May I be the first to admit that Jakdaw’s Avro layer is incomplete and doesn’t support fixed
atm.
@dbernal This may not be the serde at all. Can you post the code the resulted in this exception?
I would create a round-trip serde test if you haven’t already to rule this out.
Also, in the above snippet, :key?
is set to false for both serdes. I think for the key serde fn, this should probably be set to true.
@arrdem I'm not sure if I am or not. The stream that I'm reading from is populated by Debezium and I'm not sure what type of Avro it's setting up the streams with. However, this only happens when I use KStreams and not with a consumer client using poll
. @creese This is the code I'm using
(defn build-topology
[builder]
(-> (js/kstream builder (topic-config-sp))
(js/peek (fn [[k v]]
(info (str {:key k :value v}))))
(js/to {:topic-name "es-sink-2"}))
builder)
(defn start-app
[app-config]
(let [builder (js/streams-builder)
topology (build-topology builder)
app (js/kafka-streams topology app-config)]
(js/start app)
(info "pipe is up")
app))
. How would I conduct a round-trip serde test? Would I use the Jackdaw library for that? I switched the key? value to true but it didn't change the exception being thrown.That this works with the client APIs but not with the streams API is concerning.
Using either jackdaw.client or jackdaw.streams, publish to a topic and then read from the same topic.
RE: Debezium: There are different kinds of Avro serdes. Does Debezium put its schema in the Schema Registry?
If so, it’s probably using Confluent Avro which is what Jackdaw uses.
In any case, I would try the RT test to ensure the serde isn’t to blame.
@creese It does publish to the Schema Registry
ok, I'll go ahead and try that
@creese Could you elaborate on the different kinds of Avro serdes?
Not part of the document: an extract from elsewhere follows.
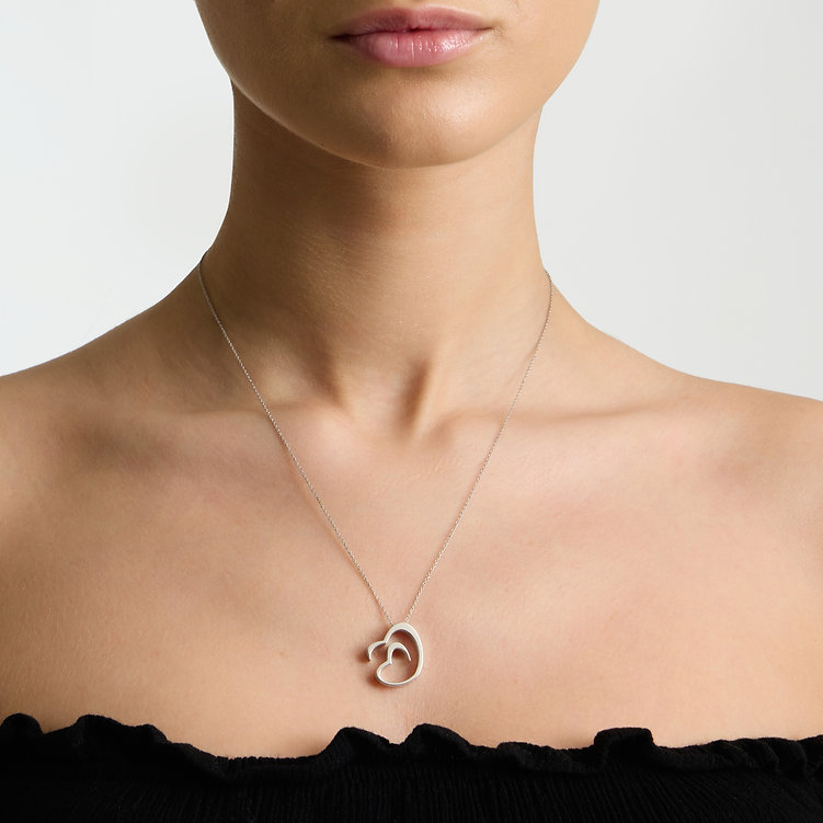 Ασημένιο μενταγιόν 925 χειροποίητο με δίδυμες καρδιές και ασημένια αλυσίδα 45εκ.

Off topic but Confluent Avro vs which have you found to be different?
I believe that Confluent’s Avro serializer attaches an extra schema ID tag
to the head of every serialized record.
This lets you dynamically discover the decoding schema required for any given record, so long as your schema registry remains intact.
standard Avro which does not use the Schema Registry and does not encode an ID in the magic byte.
I don’t have any experience with that. I’ve only used Confluent Avro.
I will need to do more research into that. I have been considering Avro for Kafka more lately.
It’s worked out pretty well for us - but it does mean that you have to be very careful to back up the schema registry’s Kafka topic.
An alternative is managing your own Avro, or using something like CBOR which gives you really good binary coding without needing fixed schemas.
Depending on how you use Kafka (short lived message bus or durable storage) nippy
or something else would be pretty adequate
Currently we are storing an immutable event stream into Kafka with Protobufs and lets just say it has been less than ideal so we have been considering a switch.
There has been some debate on a schema centric format vs a self describing format.
We use Java primarily but I have been writing tooling in Clojure. I was at the conj when @creese gave the talk on Kafka and Jackdaw. It’s been nice to work with so far. :thumbsup:
Yeah - that’s not really a debate I can shed light on 😕 it’s just a hard problem.
I guess my $0.02 at this point is that I’d probably choose a self-describing format like CBOR, just because I think trying to encode hard business constraints in your serialization layer is mostly premature
But my only real experience here has been the same as Charles - using Confluent Avro.